**Task**. Write out, exactly and only, the lines that run from the top of the records to the line with "Thousands of people". Include both ends; exclude pictures.

Collected data:
>>>>>

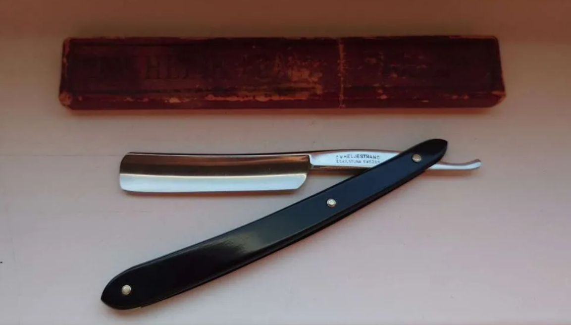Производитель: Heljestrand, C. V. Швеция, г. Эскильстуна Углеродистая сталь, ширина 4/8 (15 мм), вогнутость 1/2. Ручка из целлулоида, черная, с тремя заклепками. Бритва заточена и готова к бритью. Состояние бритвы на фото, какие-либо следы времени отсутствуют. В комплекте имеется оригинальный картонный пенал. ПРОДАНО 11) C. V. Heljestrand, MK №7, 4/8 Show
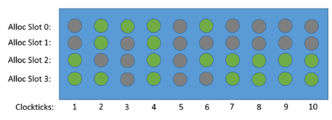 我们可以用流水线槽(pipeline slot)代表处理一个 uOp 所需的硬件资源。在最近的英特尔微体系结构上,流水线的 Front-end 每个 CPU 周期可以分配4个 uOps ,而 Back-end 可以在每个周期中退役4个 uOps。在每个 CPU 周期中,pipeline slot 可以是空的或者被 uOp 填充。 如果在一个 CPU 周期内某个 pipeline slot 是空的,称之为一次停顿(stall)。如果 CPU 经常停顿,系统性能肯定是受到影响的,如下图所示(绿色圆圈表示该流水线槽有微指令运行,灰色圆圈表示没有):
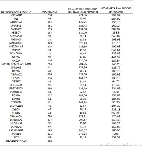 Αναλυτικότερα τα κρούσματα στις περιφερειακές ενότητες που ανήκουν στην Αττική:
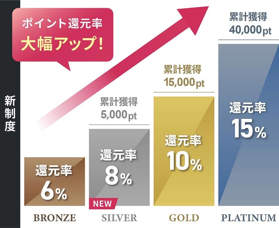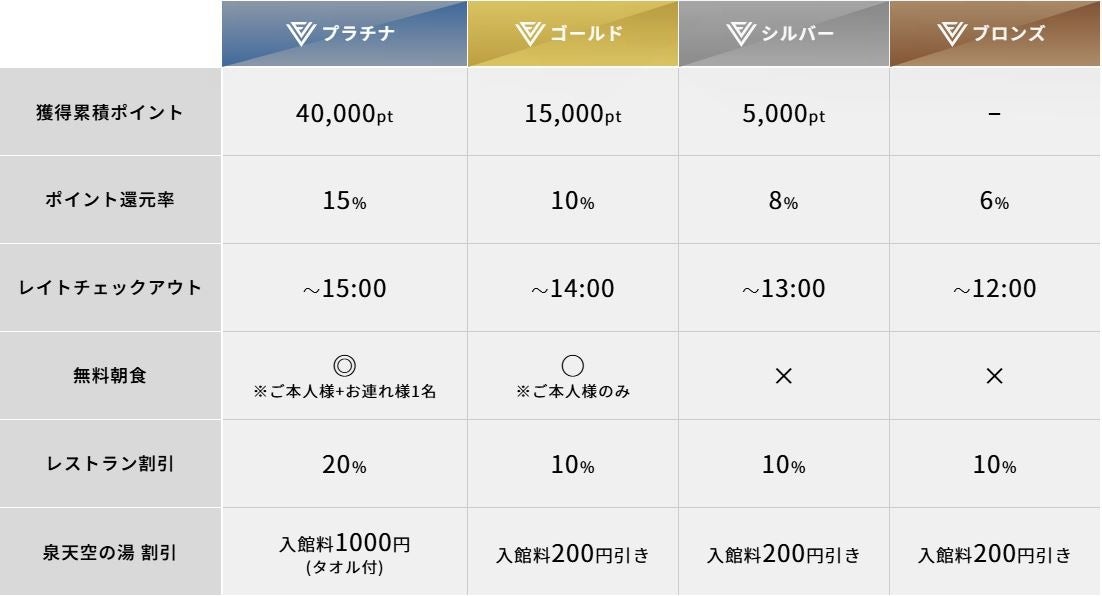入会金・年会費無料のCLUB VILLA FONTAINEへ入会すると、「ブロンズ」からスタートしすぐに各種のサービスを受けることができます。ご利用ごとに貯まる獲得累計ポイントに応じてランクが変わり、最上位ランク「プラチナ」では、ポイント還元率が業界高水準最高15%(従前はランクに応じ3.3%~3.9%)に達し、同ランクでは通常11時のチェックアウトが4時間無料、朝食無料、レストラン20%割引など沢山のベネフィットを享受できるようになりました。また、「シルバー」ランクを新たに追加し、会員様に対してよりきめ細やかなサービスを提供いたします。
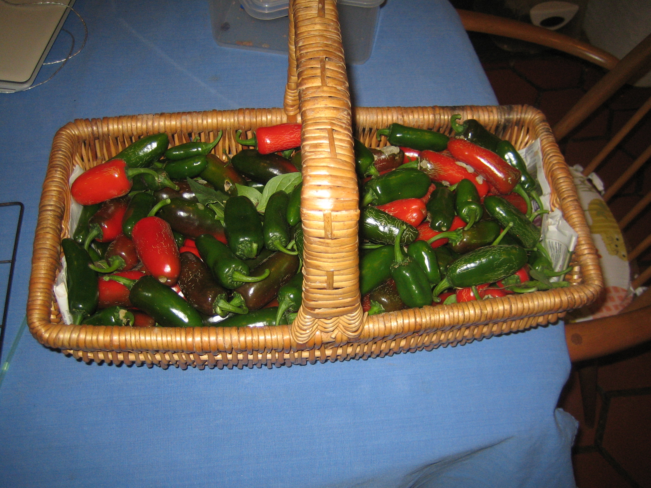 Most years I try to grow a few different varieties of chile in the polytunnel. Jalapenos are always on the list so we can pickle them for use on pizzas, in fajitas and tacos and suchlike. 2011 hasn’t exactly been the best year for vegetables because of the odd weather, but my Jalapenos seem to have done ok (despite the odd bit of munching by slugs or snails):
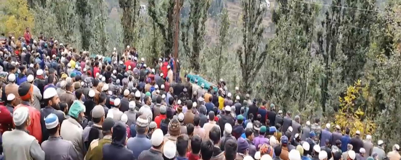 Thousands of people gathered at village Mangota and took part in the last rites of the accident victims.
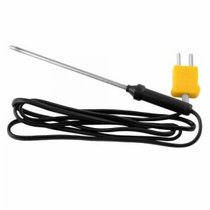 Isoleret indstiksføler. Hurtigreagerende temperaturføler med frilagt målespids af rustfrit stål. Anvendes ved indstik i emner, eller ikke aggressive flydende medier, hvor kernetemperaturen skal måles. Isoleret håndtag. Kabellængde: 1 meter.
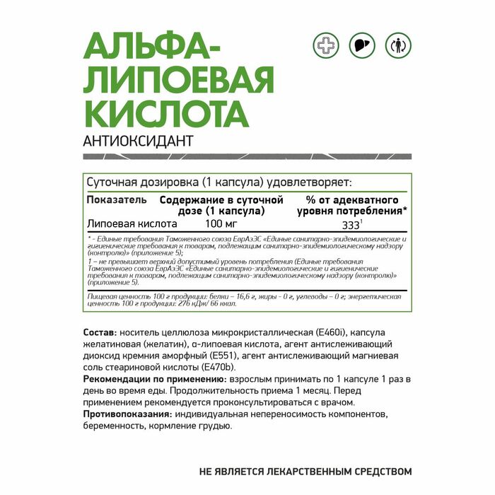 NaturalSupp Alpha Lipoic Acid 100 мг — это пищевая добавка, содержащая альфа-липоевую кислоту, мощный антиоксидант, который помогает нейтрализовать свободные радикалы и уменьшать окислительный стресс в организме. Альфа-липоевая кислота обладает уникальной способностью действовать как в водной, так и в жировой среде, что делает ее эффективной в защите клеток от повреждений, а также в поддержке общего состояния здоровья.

<<<<<

**Your response**.
Производитель: Heljestrand, C. V. Швеция, г. Эскильстуна Углеродистая сталь, ширина 4/8 (15 мм), вогнутость 1/2. Ручка из целлулоида, черная, с тремя заклепками. Бритва заточена и готова к бритью. Состояние бритвы на фото, какие-либо следы времени отсутствуют. В комплекте имеется оригинальный картонный пенал. ПРОДАНО 11) C. V. Heljestrand, MK №7, 4/8 Show
 我们可以用流水线槽(pipeline slot)代表处理一个 uOp 所需的硬件资源。在最近的英特尔微体系结构上,流水线的 Front-end 每个 CPU 周期可以分配4个 uOps ,而 Back-end 可以在每个周期中退役4个 uOps。在每个 CPU 周期中,pipeline slot 可以是空的或者被 uOp 填充。 如果在一个 CPU 周期内某个 pipeline slot 是空的,称之为一次停顿(stall)。如果 CPU 经常停顿,系统性能肯定是受到影响的,如下图所示(绿色圆圈表示该流水线槽有微指令运行,灰色圆圈表示没有):
 Αναλυτικότερα τα κρούσματα στις περιφερειακές ενότητες που ανήκουν στην Αττική:
入会金・年会費無料のCLUB VILLA FONTAINEへ入会すると、「ブロンズ」からスタートしすぐに各種のサービスを受けることができます。ご利用ごとに貯まる獲得累計ポイントに応じてランクが変わり、最上位ランク「プラチナ」では、ポイント還元率が業界高水準最高15%(従前はランクに応じ3.3%~3.9%)に達し、同ランクでは通常11時のチェックアウトが4時間無料、朝食無料、レストラン20%割引など沢山のベネフィットを享受できるようになりました。また、「シルバー」ランクを新たに追加し、会員様に対してよりきめ細やかなサービスを提供いたします。
 Most years I try to grow a few different varieties of chile in the polytunnel. Jalapenos are always on the list so we can pickle them for use on pizzas, in fajitas and tacos and suchlike. 2011 hasn’t exactly been the best year for vegetables because of the odd weather, but my Jalapenos seem to have done ok (despite the odd bit of munching by slugs or snails):
 Thousands of people gathered at village Mangota and took part in the last rites of the accident victims.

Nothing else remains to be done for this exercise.